- _Source material_
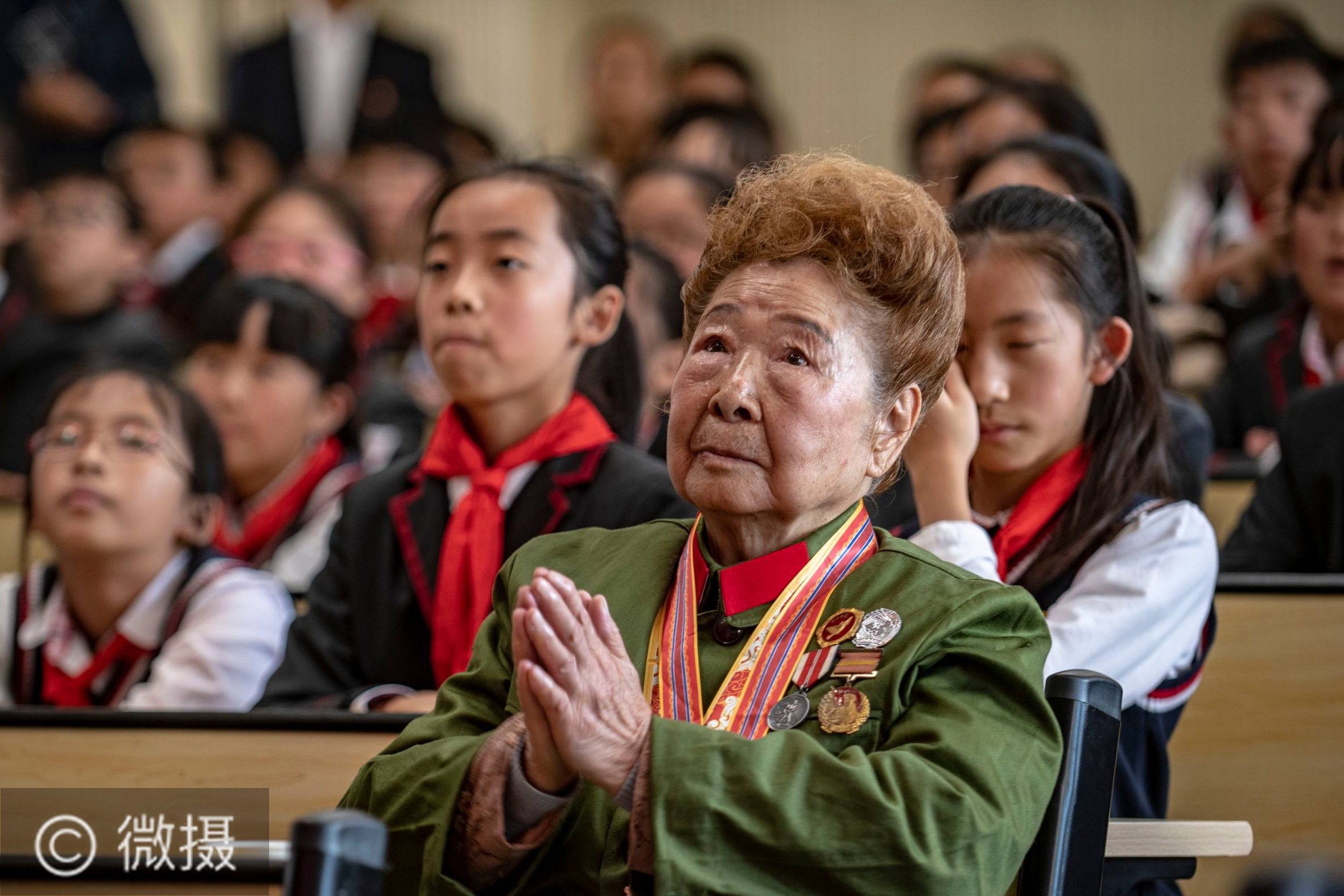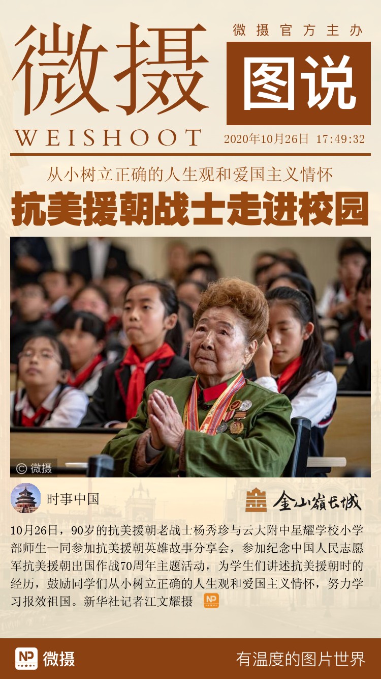 10月26日,90岁的抗美援朝老战士杨秀珍与云大附中星耀学校小学部师生一同参加抗美援朝英雄故事分享会,参加纪念中国人民志愿军抗美援朝出国作战70周年主题活动,为学生们讲述抗美援朝时的经历,鼓励同学们从小树立正确的人生观和爱国主义情怀,努力学习报效祖国。新华社记者江文耀摄
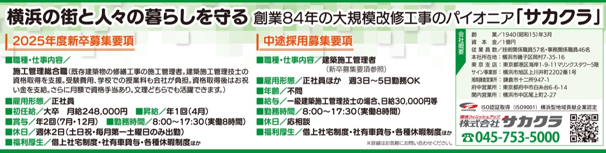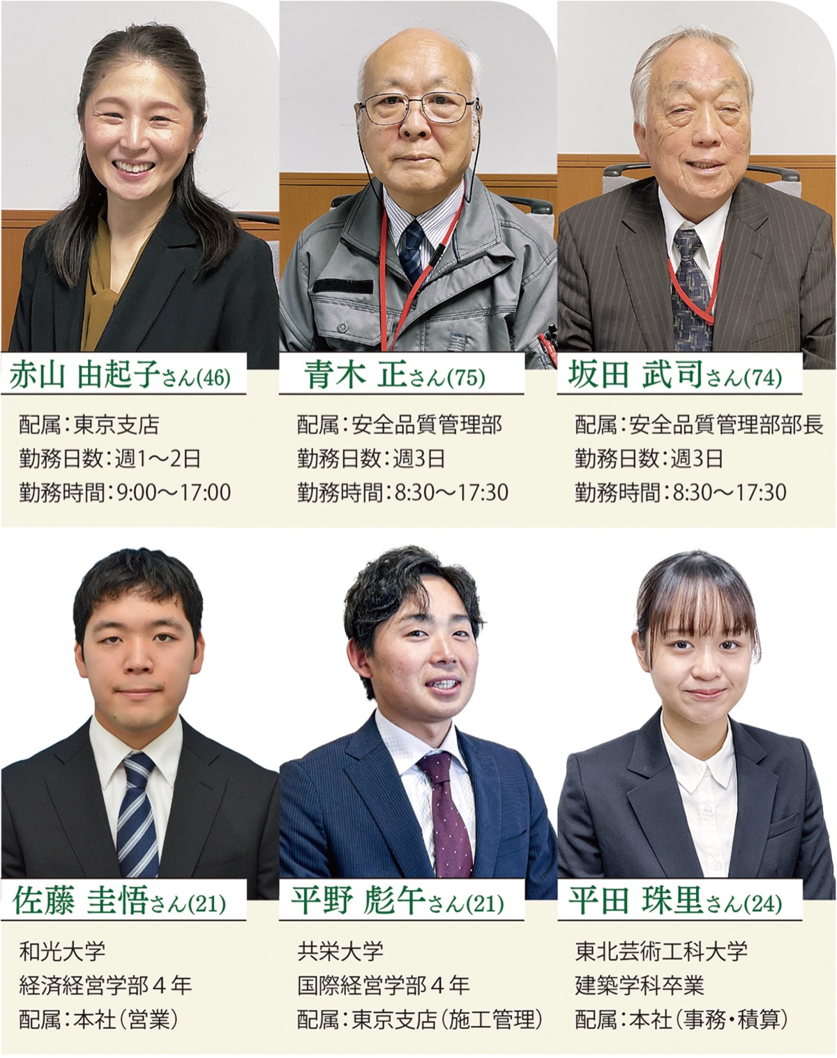 昭和15(1940)年創業、マンション大規模改修工事のパイオニアとして知られる(株)サカクラ=磯子区岡村=。同社には現在103人の従業員がいるが、正社員だけでなく、定年退職後のシニア、女優との兼業など、「多様性ある人材」「柔軟な働き方」を積極的に受け入れている。同社の坂倉賢副社長は、「働き方改革には多種多様な人材が必要。様々な人の人生や価値観を受け入れることが会社としての成長につながる」と話す。今回は昨年、今年入社の6人に話を聞いた。
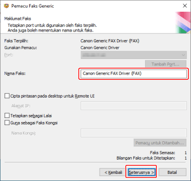 Jika anda ingin menukar nama peranti atau menetapkannya sebagai peranti lalai, pilih [Tetapkan Maklumat Faks] → klik [Seterusnya].
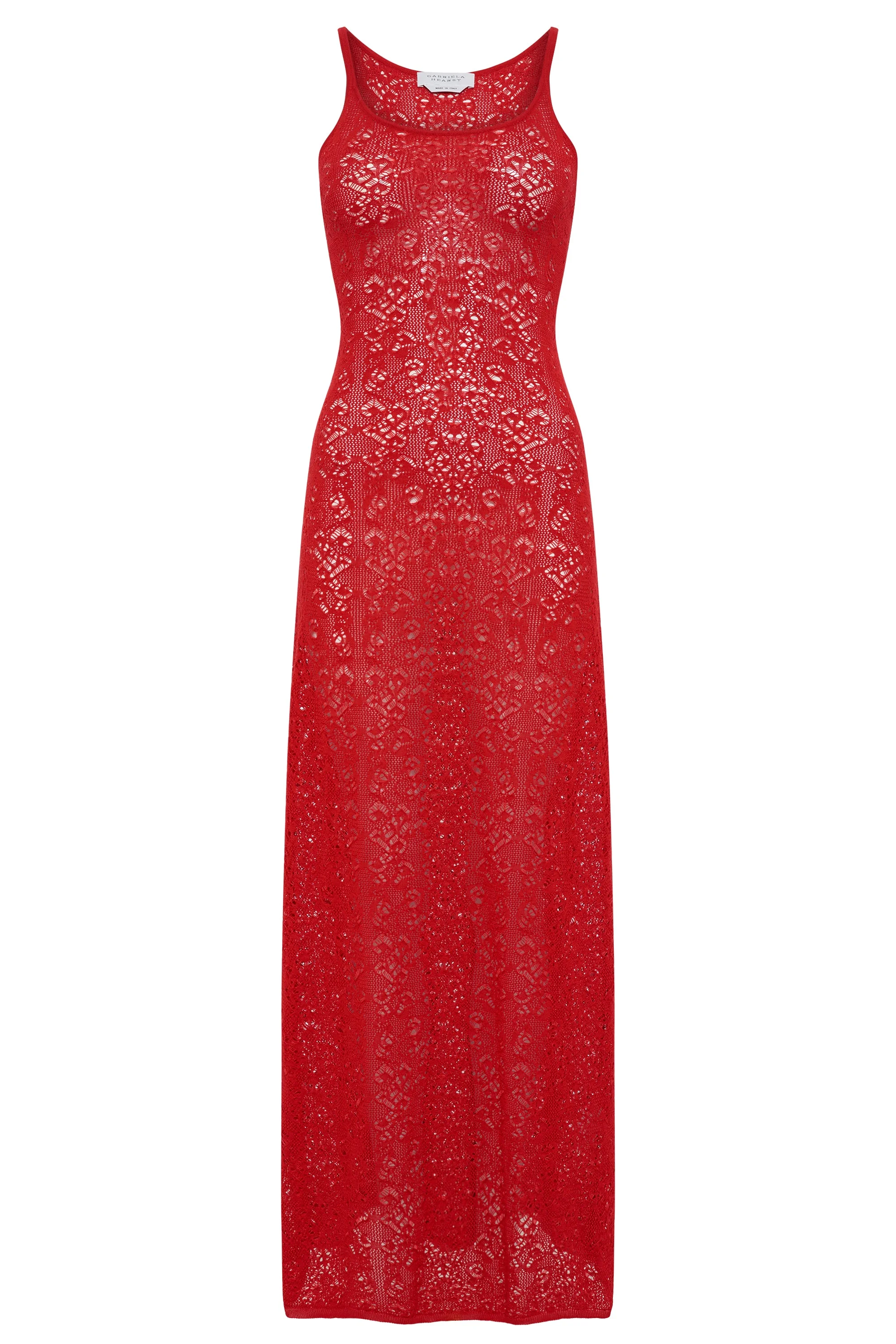 Knit from supple 100% merino wool yarn, the Meridian Dress features a lace construction that hugs the body and elongates the feminine form, finished with a softly scooped decollete. Details: - 100% Merino Wool - 100% Virgin Wool Lining - Scoop Neckline - Sleeveless - Full Length - Made in Italy

- _What you have to do_
Every line from the start of the material through the line containing "昭和15(1940)年創業、" is needed exactly as written; the pictures are not.

- _Result of this exercise_
 10月26日,90岁的抗美援朝老战士杨秀珍与云大附中星耀学校小学部师生一同参加抗美援朝英雄故事分享会,参加纪念中国人民志愿军抗美援朝出国作战70周年主题活动,为学生们讲述抗美援朝时的经历,鼓励同学们从小树立正确的人生观和爱国主义情怀,努力学习报效祖国。新华社记者江文耀摄
 昭和15(1940)年創業、マンション大規模改修工事のパイオニアとして知られる(株)サカクラ=磯子区岡村=。同社には現在103人の従業員がいるが、正社員だけでなく、定年退職後のシニア、女優との兼業など、「多様性ある人材」「柔軟な働き方」を積極的に受け入れている。同社の坂倉賢副社長は、「働き方改革には多種多様な人材が必要。様々な人の人生や価値観を受け入れることが会社としての成長につながる」と話す。今回は昨年、今年入社の6人に話を聞いた。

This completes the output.